As he made contact, Vandenbergh and Vanmarcke attacked and held a lead of 35 seconds prompting Cancellara to attack on sector six with race debutant Stybar the only man able to stay on his wheel.

The Carrefour de l’Arbre, the fourth sector and the last rated at the most difficult level of five-stars, saw Vandenbergh crash into a fan at the side of the road and hit the cobblestone hard to end his challenge.

Then Stybar made contact with another fan whilst riding on the side of the pavé and although his bike handling ability meant he stayed upright, his challenge was over.

That left Cancellara and 24-year-old Vanmarcke, whose victory in the 2012 Het Nieuwsblad is his only professional success, to contest the victory.

They crossed the last three sections of pavé together and although the four-time world time-trial champion make an attempt to shed his rival with 4km to go, they played cat and mouse on entering the Velodrome.

With 52.6km of cobblestones in their legs, it was a battle of sheer toughness as Cancellara sat on Vanmarcke's wheel as they meandered around the banking.

Finally the man from Kortrijk made his move as he looked to emulate injured Belgian compatriot Tom Boonen but it was Cancellara who found one last gasp of energy to grab a famous victory before falling off his bike in exhaustion.

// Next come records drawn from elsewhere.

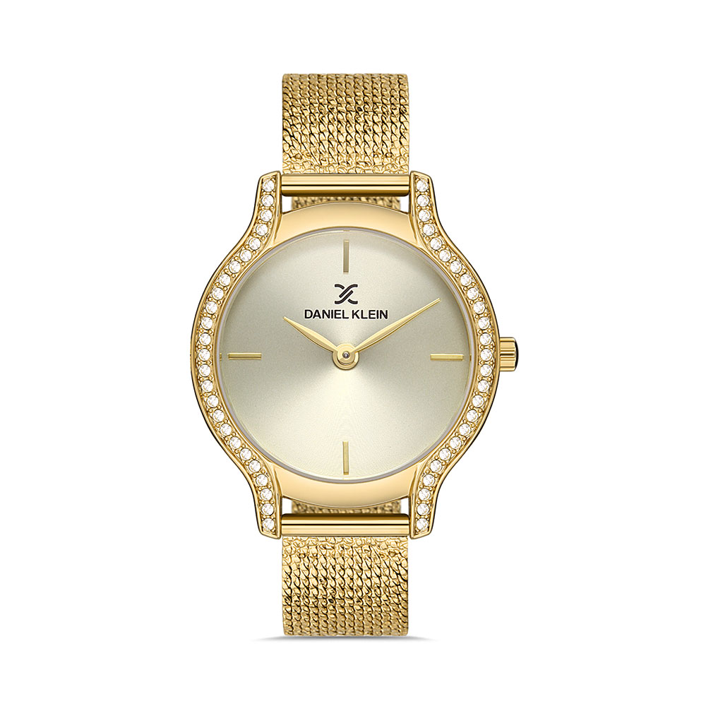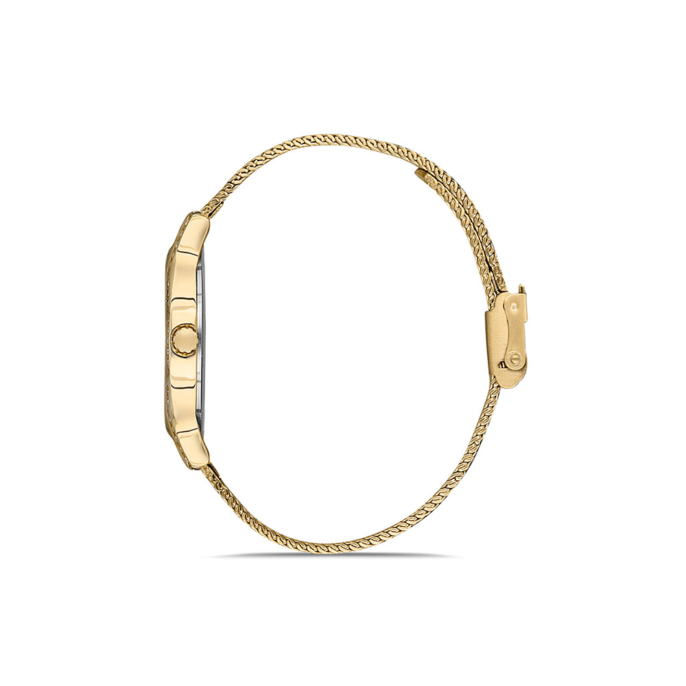 Carcasa decorata cu zirconii albe; bratara tip mesh, cu inchizatoare reglabila; fara indicator secunde.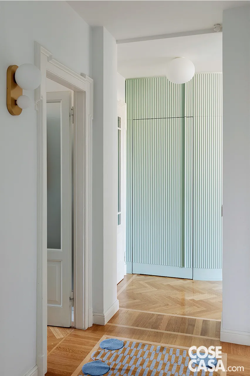 L’ingresso è uno dei nodi della ristrutturazione: a sinistra della porta, le pareti che definivano un ampio ambiente adibito a cabina armadio sono state sostituite da una “boiserie cannettata” dal profilo arrotondato, rifinita in una delicata tonalità verde pastello.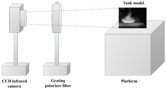 In this paper, a time-sharing, long-wave infrared polarization-imaging system was designed to collect configuration images with different polarization angles, as depicted in Figure 6. In the imaging system, the detector was a CCD infrared camera (384 × 288 pixels; XI370-F190M; Chengdu Jinglin Company; Chengdu, China). The detector’s spectral response band covered 8~14 μm, and it employed a USB data interface to fulfill the demands of real-time image acquisition and data transmission.

"There was nothing called instinct at the end, it was just a fight," Cancellara, who started the day as the overwhelming favourite in the absence of holder Boonen.

"I went to a level sometimes you don't know how you can do it. I went beyond my limits. I'm happy but I was probably more happy that the race was finished.

"Then I had a minute to lie down on the grass, back to planet earth. I damaged myself probably more than ever."